> [YOUR OBJECTIVE]
Reproduce the whole listing that follows, character for character, and drop the images.

#### DATA UNDER STUDY

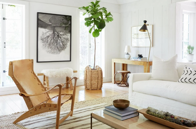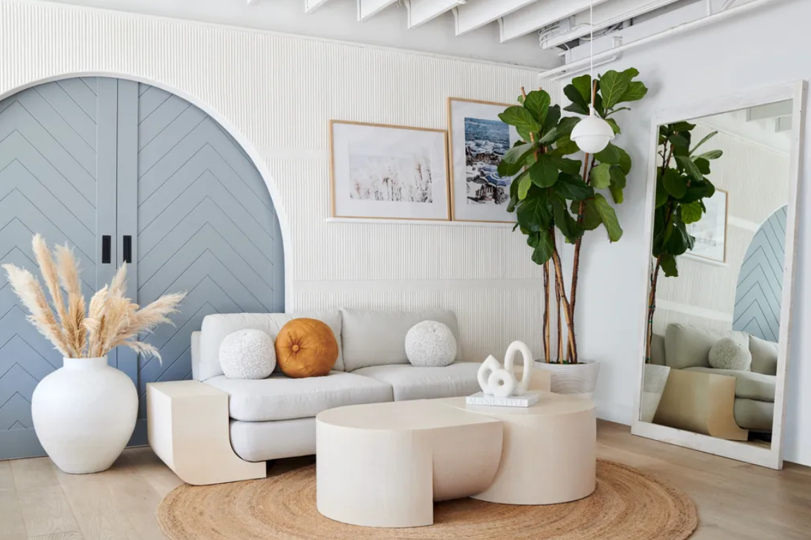 Emphasis in Californian Cool interiors is placed on connection to the outdoors and nature to bring about a relaxing, breathable and grounding feeling. This is achieved through large scale windows, sliding glass doors, skylights, sheer curtains and minimal window treatments, creating a seamless transition between the indoors and outdoors and allow natural light to flood the space. Incorporation of organic materials as well as biophilic design both indoors and outdoors strengthens the visual continuity between the two environments and makes the space feel expansive.
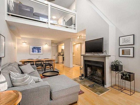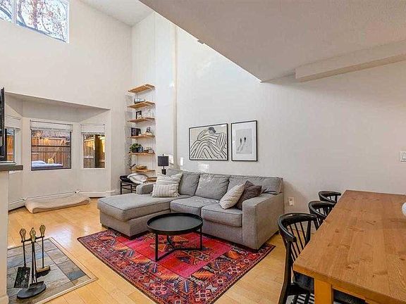 Soaring ceilingsGorgeous hardwood floorsBrand new windowsWest facingWood burning fireplaceModern kitchenFull-sized dining room
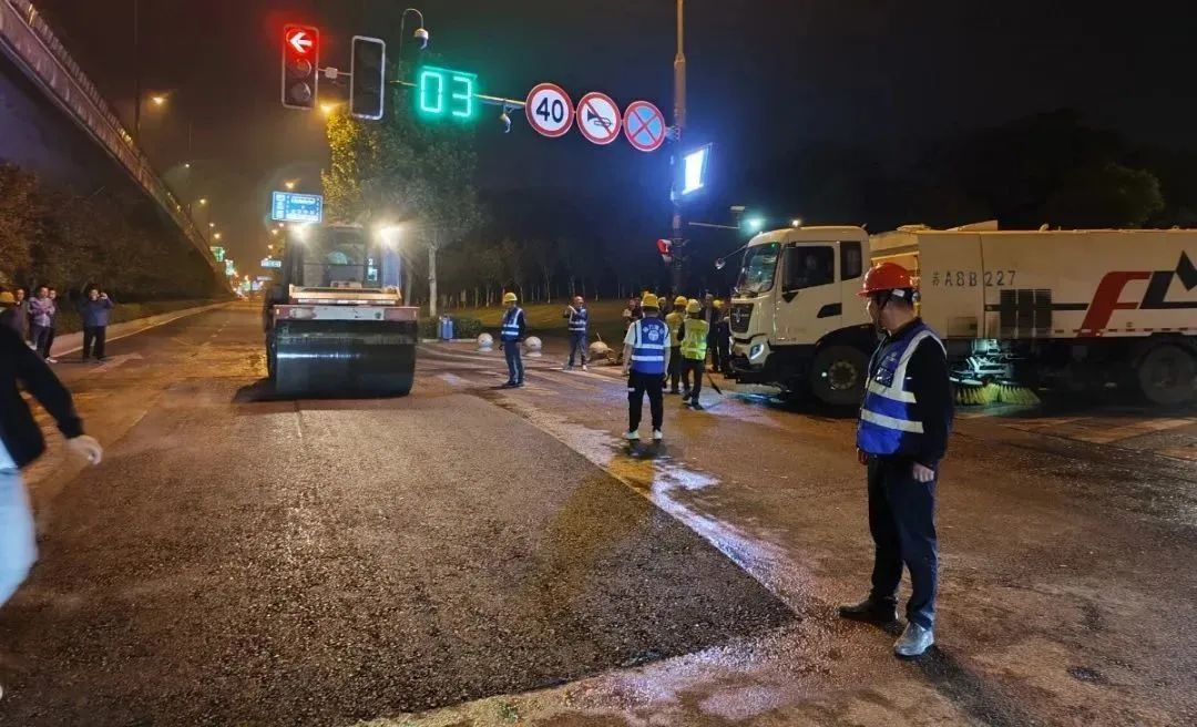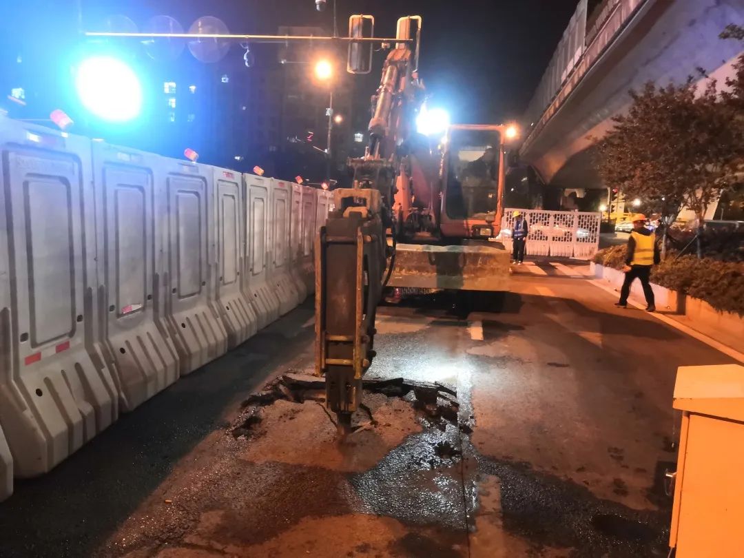 4月28日下午,同力建设组织抢险救援队伍抵达老排水管道破损现场,立即对现场进行了临时回填,并于29日凌晨1点完成路面沥青摊铺,恢复道路通行。
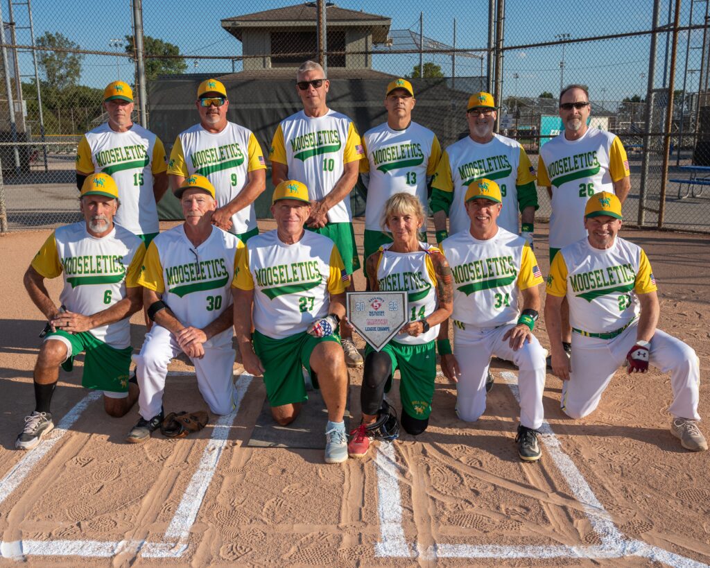 2025 MASTERS LEAGUE CHAMPIONS! Bull Moose Retirement Planning went 14-4 in the regular season to take home the league title. Front row, l-r: Rick Obert, Joe Keenan, Brett Crosby, Kim Crosby, Jim Elchert, and manager Gary Downey. Back row, l-r: Dave Durfey, Bobby Algier, Tom Spy, John Arrington, player/sponsor Mark Clair (Mr. Mooseletic himself), and Dave Obert.
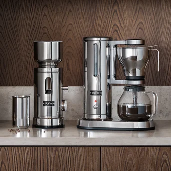 Po podłączeniu do ekspresu przelewowego Aarke młynek automatycznie oblicza wymaganą ilość ziaren na podstawie poziomu wody w zbiorniku, zapewniając idealną temperaturę kawy i wygodę.
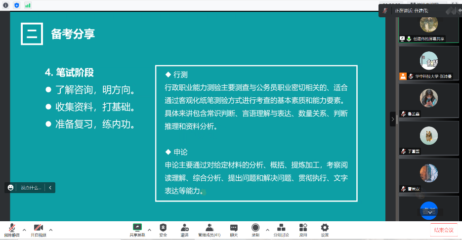 随后,任建伟从选调政策和备考两个方面分享了选调经验。首先他介绍了选调生的意义和选调的类别,又以辽宁省定向选调公告为例,对选调的要求、申请程序、人才引进待遇等进行了详细的讲解。关于备考方面,他表示在准备阶段需要明确就业目标,合理规划科研和求职进度。关于笔试和面试,他从常见题型和练习方法两个点出发分享了经验。
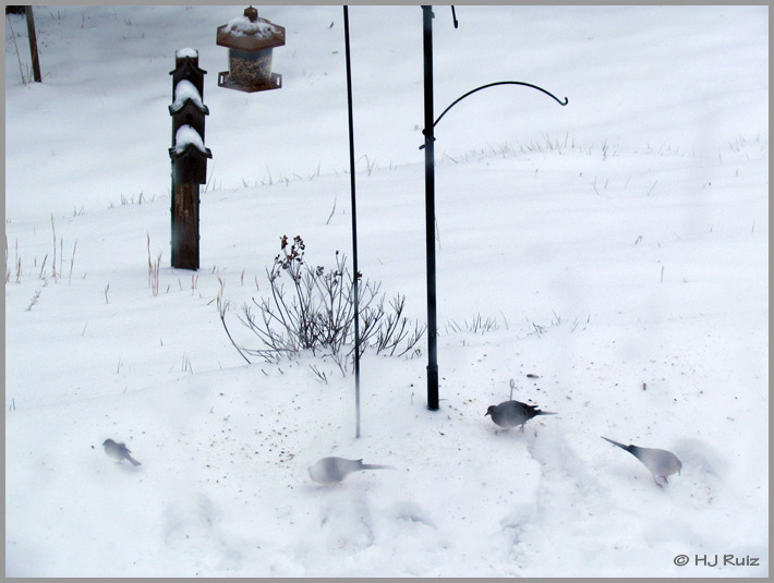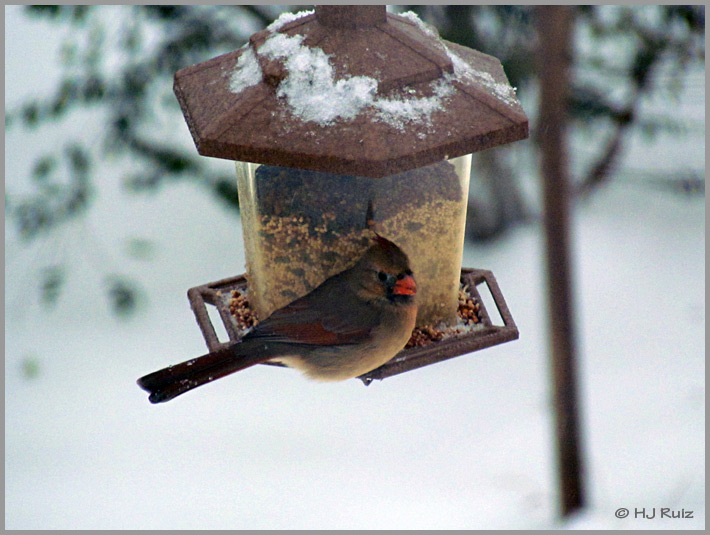 Last night we had a snow storm that covered our County, we usually don’t get snow in this area of Georgia. This morning I saw a bunch of birds walking around the feeders which were empty of seeds but covered with snow and ice. No bird could eat because the snow was covered with a thin layer of ice and the birds could only walk but unable to dig the ground. Ice was also blocking the holes where the seeds drop to the trays of the feeders. You should see thatat soon as I filled the feeders with seeds and cleaned them, a bunch of birds coming from all directions came to eat, it was a feast! 🙂

########

> [OUTPUT FOR THIS TASK]
 Emphasis in Californian Cool interiors is placed on connection to the outdoors and nature to bring about a relaxing, breathable and grounding feeling. This is achieved through large scale windows, sliding glass doors, skylights, sheer curtains and minimal window treatments, creating a seamless transition between the indoors and outdoors and allow natural light to flood the space. Incorporation of organic materials as well as biophilic design both indoors and outdoors strengthens the visual continuity between the two environments and makes the space feel expansive.
 Soaring ceilingsGorgeous hardwood floorsBrand new windowsWest facingWood burning fireplaceModern kitchenFull-sized dining room
 4月28日下午,同力建设组织抢险救援队伍抵达老排水管道破损现场,立即对现场进行了临时回填,并于29日凌晨1点完成路面沥青摊铺,恢复道路通行。
 2025 MASTERS LEAGUE CHAMPIONS! Bull Moose Retirement Planning went 14-4 in the regular season to take home the league title. Front row, l-r: Rick Obert, Joe Keenan, Brett Crosby, Kim Crosby, Jim Elchert, and manager Gary Downey. Back row, l-r: Dave Durfey, Bobby Algier, Tom Spy, John Arrington, player/sponsor Mark Clair (Mr. Mooseletic himself), and Dave Obert.
 Po podłączeniu do ekspresu przelewowego Aarke młynek automatycznie oblicza wymaganą ilość ziaren na podstawie poziomu wody w zbiorniku, zapewniając idealną temperaturę kawy i wygodę.
 随后,任建伟从选调政策和备考两个方面分享了选调经验。首先他介绍了选调生的意义和选调的类别,又以辽宁省定向选调公告为例,对选调的要求、申请程序、人才引进待遇等进行了详细的讲解。关于备考方面,他表示在准备阶段需要明确就业目标,合理规划科研和求职进度。关于笔试和面试,他从常见题型和练习方法两个点出发分享了经验。
 Last night we had a snow storm that covered our County, we usually don’t get snow in this area of Georgia. This morning I saw a bunch of birds walking around the feeders which were empty of seeds but covered with snow and ice. No bird could eat because the snow was covered with a thin layer of ice and the birds could only walk but unable to dig the ground. Ice was also blocking the holes where the seeds drop to the trays of the feeders. You should see thatat soon as I filled the feeders with seeds and cleaned them, a bunch of birds coming from all directions came to eat, it was a feast! 🙂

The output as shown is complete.